We have just covered solving linear congruences, and I am confused about how to use them in proofs. I understand that the linear congruence cx≡b(modm) has a unique solution mod if \gcd(c,m) = 1, but a general approach to problems escapes me.
Sample Questions
Prove that if x^2 \equiv n \pmod {65} has a solution, then so does x^2 \equiv -n \pmod {65}.

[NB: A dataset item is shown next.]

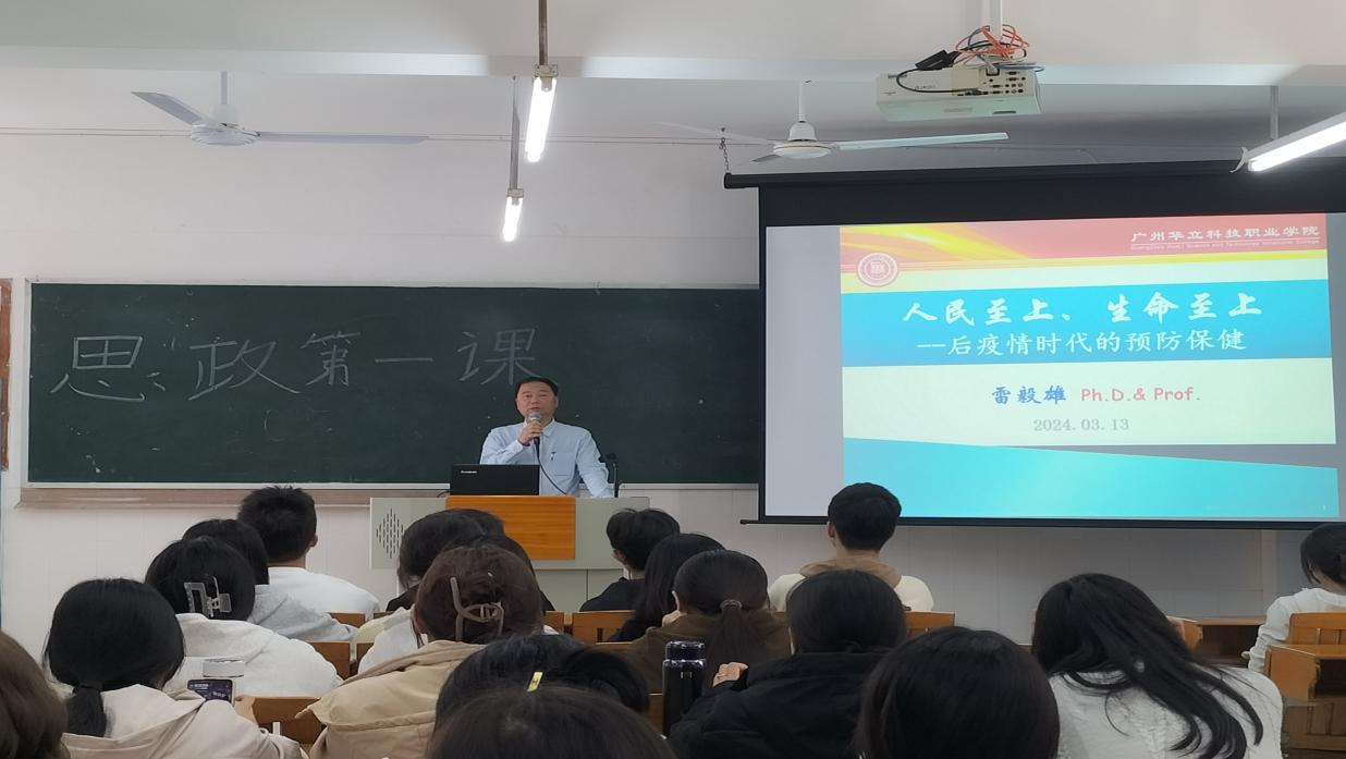 為讓學(xué)生提高預(yù)防保健意識(shí),更好了解“人民至上、生命至上”,2024年3月13日,健康學(xué)院院長雷毅雄結(jié)合專業(yè)知識(shí),以“人民至上、生命至上——后疫情時(shí)代的預(yù)防保健”為主題,在西二203教室為學(xué)院2023級(jí)學(xué)生代表講授2024年春季學(xué)期思政第一課。
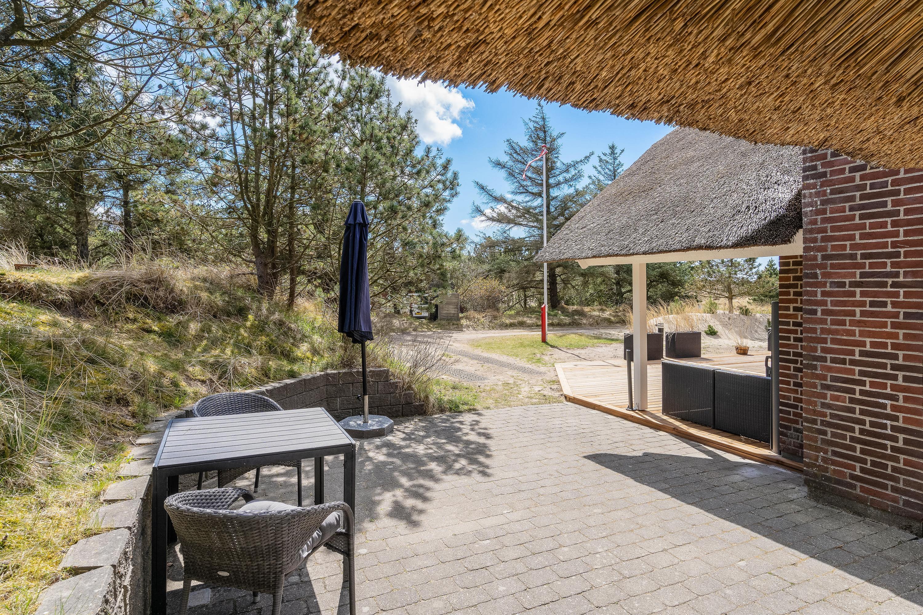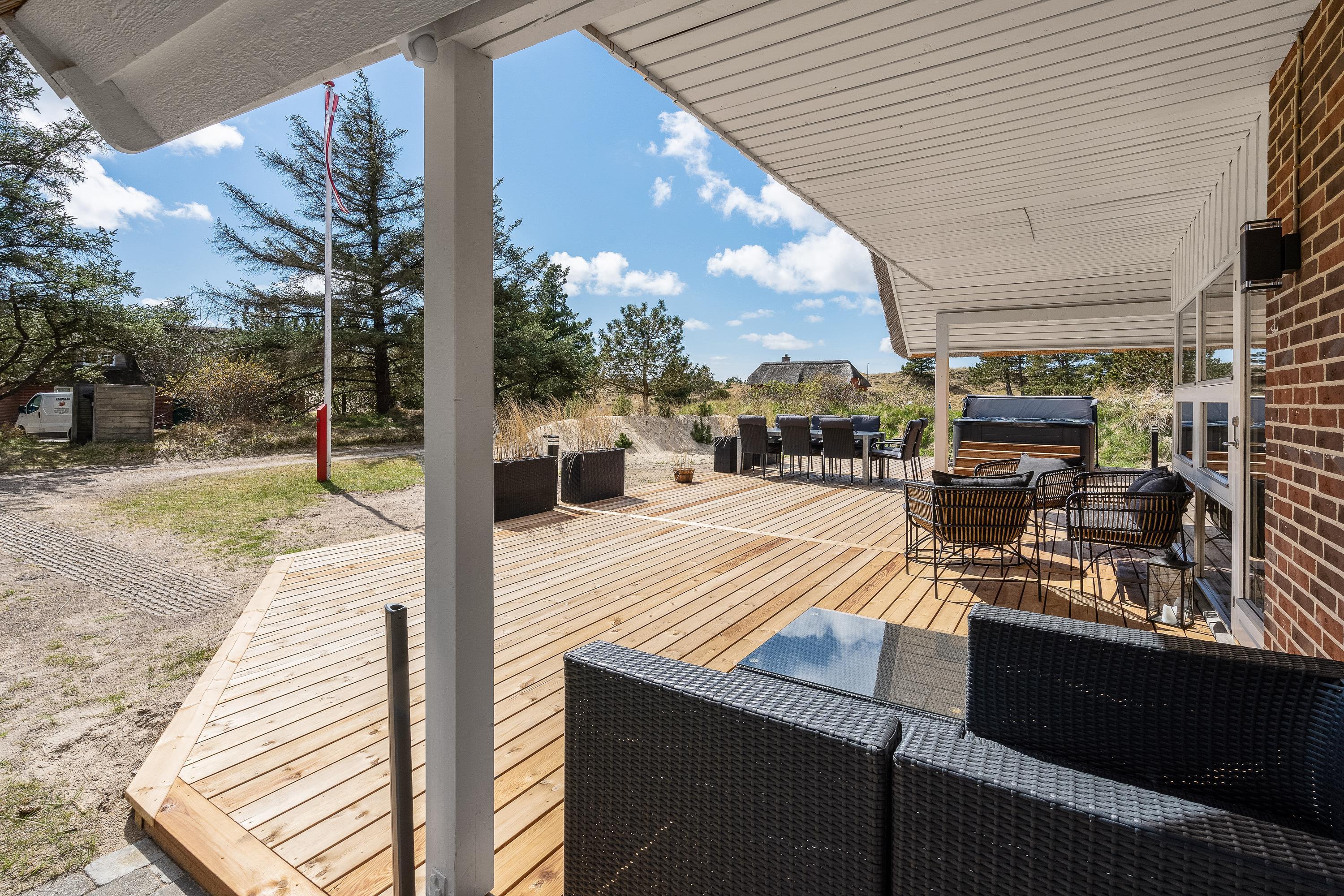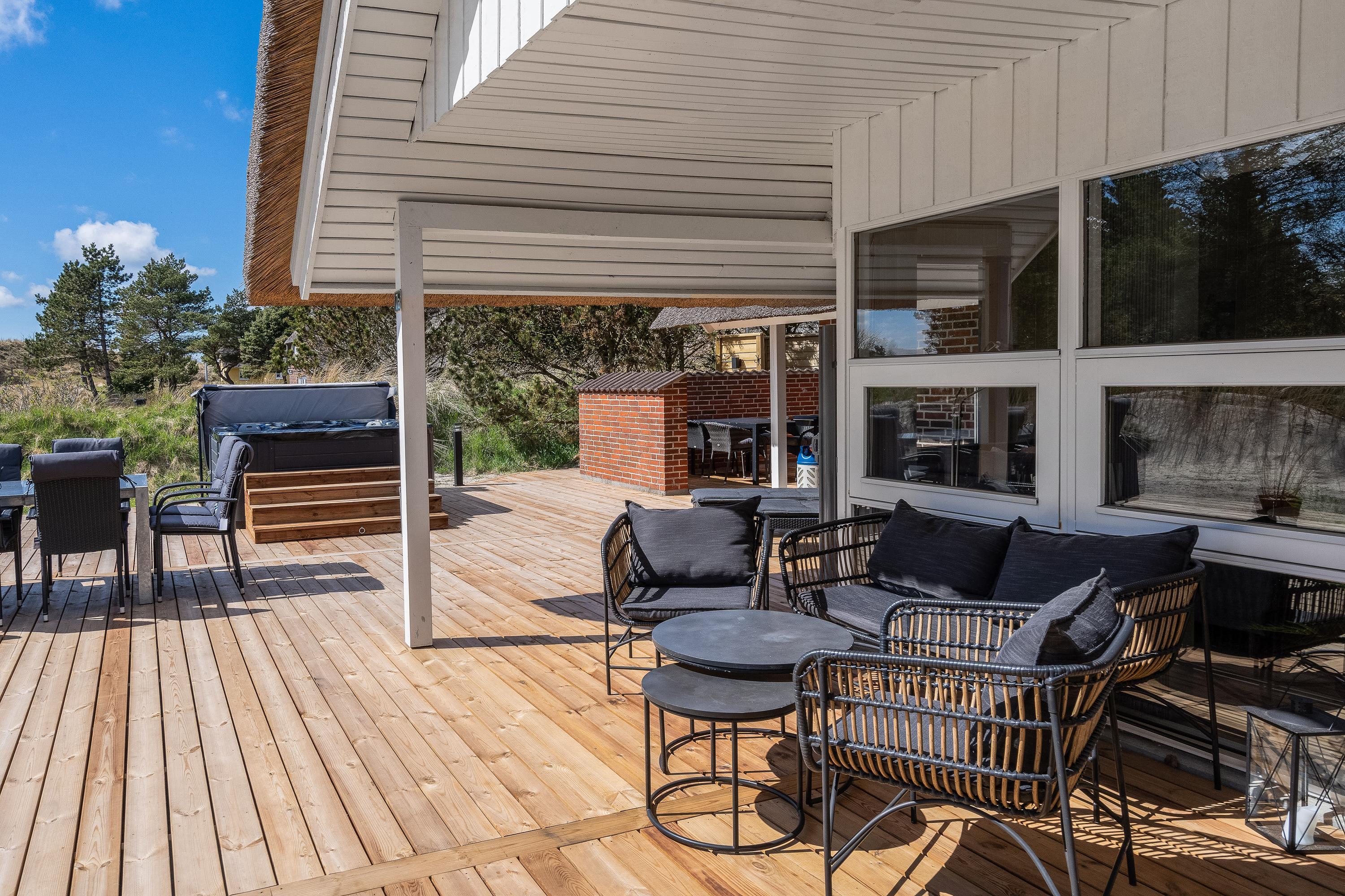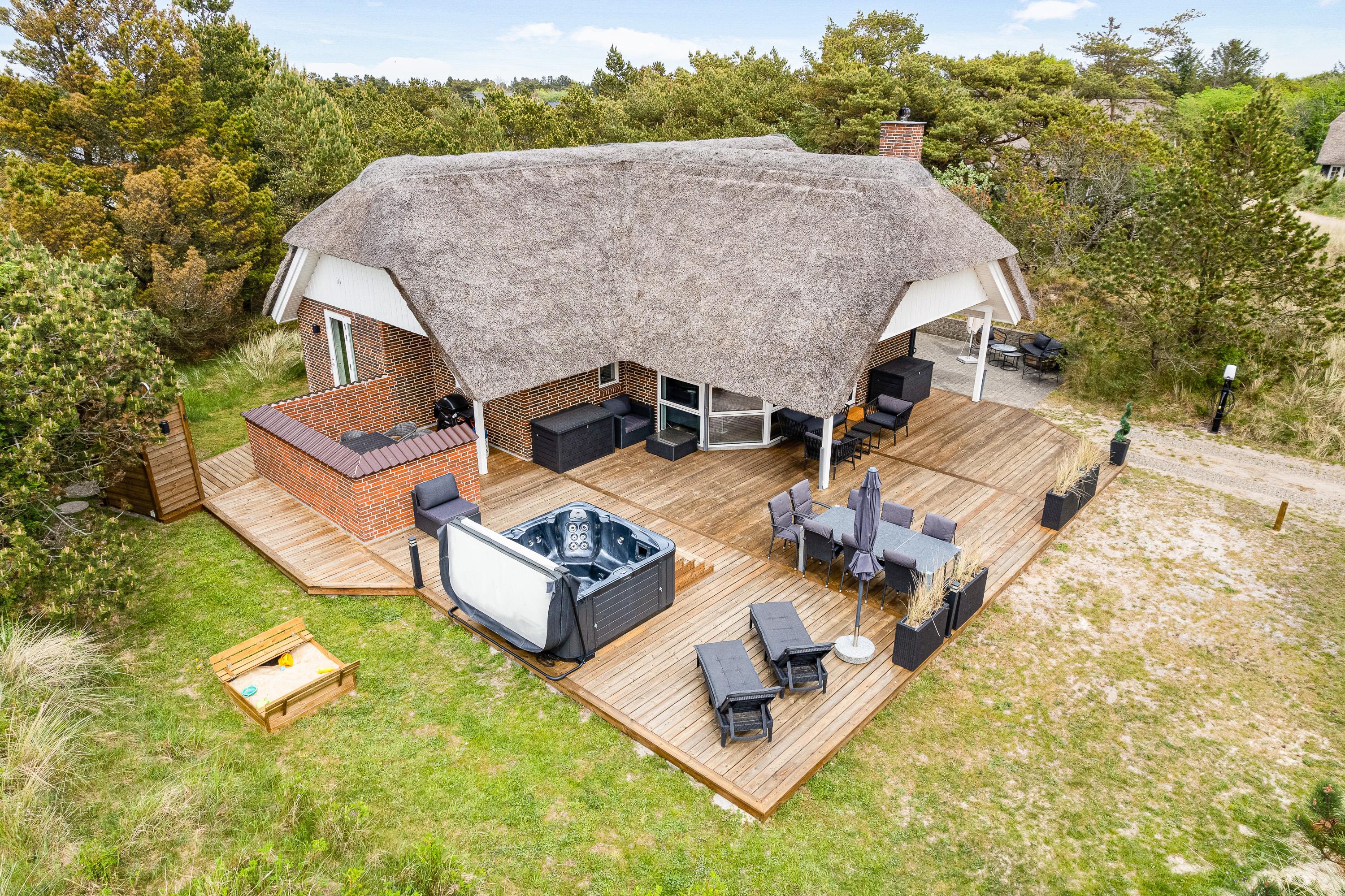 Sommerhuset ligger på en godt 1.500 kvadratmeter stor naturgrund, der er omgivet af høje træer og buskads, så I på ugeneret vis kan nyde den friske luft på terrassen. Den store træterrasse er både delvist afskærmet og overdækket, og det er også her, I finder endnu et af feriens højdepunkter – det lækre udendørs spabad med plads til 5 personer.

Show that if n \equiv 7 \pmod 8, then n is not the sum of three squares.
My Work
For the first one, x^2 \equiv n \pmod {65} implies that 65 | (x^2 - n), so (I believe) that means that n = b^2 for some b, so 65 | (x^2 - b^2). We proved a result that said that if a^2 \equiv b^2 \pmod p for some prime p, then a \equiv b or a \equiv - b \pmod p. However, I don't think that is the right track to go down here because 65 is not prime, and I'm unsure about assuming n = b^2 for some b.
For the second one, suppose to the contrary that n = a^2 + b^2 + c^2 for some a, b, c. Then n \equiv 7 \pmod 8 implies that 8 | (n - 7) so n = 8k + 7 for some k. So substituting in gives me a^2 + b^2 + c^2 = 8k + 7, and I'm unsure how to proceed from here.
Answer
Hint \rm(1)\ \ \ x^2 \equiv n,\,\ y^2\equiv -1\:\Rightarrow\: -n\equiv x^2y^2\equiv (xy)^2.\ But \rm\:mod\ 65\!:\ {-}1 \equiv 64\equiv (\_ )^2.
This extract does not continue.